MJ Petroni, a Cyborg Anthropologist who studies the relationships between humans and technology, spoke on the topic at the 2024 Think Summit. He explored how we need to unlearn our default thinking to use technology to do more of the same, but more accurately and at a faster rate, and shift towards how we can solve the unsolvable problems to create a real paradigm for change.
“One of the first changes that needs to happen inside companies in order to be effective, is to move from having IT as a utility function, like plumbing, that supports the current business, to having digital as a capability within the business. This isn’t an easy task for most businesses,” he says.
The challenge is that our default thinking is based on past experience. Often the result is that we repeat the same things over and over again. Doing more of the same will never yield transformational results.
“In a place and time where the rate of change is so high that every day is the slowest you will ever live in, our default thinking is not enough to get us to the future. We have to do uncomfortable work to unlearn our default thinking, otherwise what we use technology for is just more, better, faster,” he adds.
In the era of generative AI, we need to break the cycles that were based on an analogue world. Cost cutting alone by automating all the human tasks away, leaves no room for innovation. The value in AI lies not in replacing humans, but in augmenting people with new technologies to enable them to become more human, more empathetic, more connected. This in turn empowers them to solve unsolvable problems – taking time with cutting edge cases and VIP clients, serving people who were not profitable enough to serve in the past, banking the unbanked, revolutionising education.
“Our bias towards action can be counterproductive. Instead of constantly asking ‘what do we do next with AI?’, we need to ask, ‘are we thinking about this right?’. It is not an incremental process, it is an exponential change, but if you apply incremental thinking to exponential technology, you will only get incremental results. When you have exponential technology and exponential thinking, you can generate more exponential results,” says Petroni.
Organisations need to have directionality on the future state of the business, rather than having a specific destination in mind. It is also important to set the expectation inside organisations and inside systems that exponential network effects take time to build. The success of these projects should be measured differently, in terms of network size, quality and growth rate. There is also a resource gap to be addressed. Businesses that wait until the last minute will find they are unable to hire people fast enough, build servers fast enough and buy GPUs fast enough to be ready to take on all these new possibilities.

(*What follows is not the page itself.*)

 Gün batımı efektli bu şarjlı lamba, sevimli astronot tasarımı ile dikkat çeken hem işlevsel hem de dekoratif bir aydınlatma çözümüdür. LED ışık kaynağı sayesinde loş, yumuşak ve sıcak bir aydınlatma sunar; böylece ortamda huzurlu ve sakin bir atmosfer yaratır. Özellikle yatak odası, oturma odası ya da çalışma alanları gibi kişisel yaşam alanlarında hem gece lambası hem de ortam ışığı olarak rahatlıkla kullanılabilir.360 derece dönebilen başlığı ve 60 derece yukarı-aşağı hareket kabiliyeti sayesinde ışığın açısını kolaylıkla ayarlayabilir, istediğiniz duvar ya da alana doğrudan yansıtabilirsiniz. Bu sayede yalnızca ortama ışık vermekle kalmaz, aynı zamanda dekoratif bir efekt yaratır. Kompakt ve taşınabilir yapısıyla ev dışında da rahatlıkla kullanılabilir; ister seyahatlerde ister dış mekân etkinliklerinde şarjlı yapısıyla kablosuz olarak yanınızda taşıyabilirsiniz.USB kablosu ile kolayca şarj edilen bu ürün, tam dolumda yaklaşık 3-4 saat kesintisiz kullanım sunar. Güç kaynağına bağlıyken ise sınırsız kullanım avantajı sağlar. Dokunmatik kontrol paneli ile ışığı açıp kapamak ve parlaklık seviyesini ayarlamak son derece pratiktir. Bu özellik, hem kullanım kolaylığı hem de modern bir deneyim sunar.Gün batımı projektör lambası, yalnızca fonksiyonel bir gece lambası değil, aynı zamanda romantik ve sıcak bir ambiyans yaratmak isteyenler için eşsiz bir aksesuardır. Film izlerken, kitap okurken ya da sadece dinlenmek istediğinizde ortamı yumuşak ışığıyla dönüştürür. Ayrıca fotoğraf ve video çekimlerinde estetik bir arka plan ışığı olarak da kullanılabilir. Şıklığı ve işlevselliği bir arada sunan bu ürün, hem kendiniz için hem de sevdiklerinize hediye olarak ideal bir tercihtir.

Incremental gains like earning market share, increasing customer satisfaction and boosting revenue and profitability are important, but they don’t complete the picture. The key is to use the incremental gains that are possible with AI to streamline the organisation. It is also about funding exponential elements to help create new value and drive the future business with innovation in creating new products and business models, serving new customers, and even identifying new investment opportunities.
In Africa, the bias and lack of cultural context inherent in many existing AI tools has resulted in a lag in development, particularly around enterprise solutions that are affordable and culturally appropriate. This presents an opportunity for AI in Africa to accelerate and very quickly overtake established economies. Generative AI can radically lower the cost of creating startups or small businesses or entrepreneurial projects inside organisations. The risk is that jobs that have been offshored or outsourced are the easiest to replicate using AI. We need to become more proactive about talent and build talent pipelines that include the skills required in an AI economy, to remain competitive.
“Be cautious of the hype and the thinking that just giving people the tools will cause the breakthrough you want. To leverage maximum value from AI, we should focus not on replacing humans through automation, but on empowering humans to be more human through augmentation. To do this, we need to shift from thinking of machines as tools, to thinking about machines as co-workers,” Petroni concludes.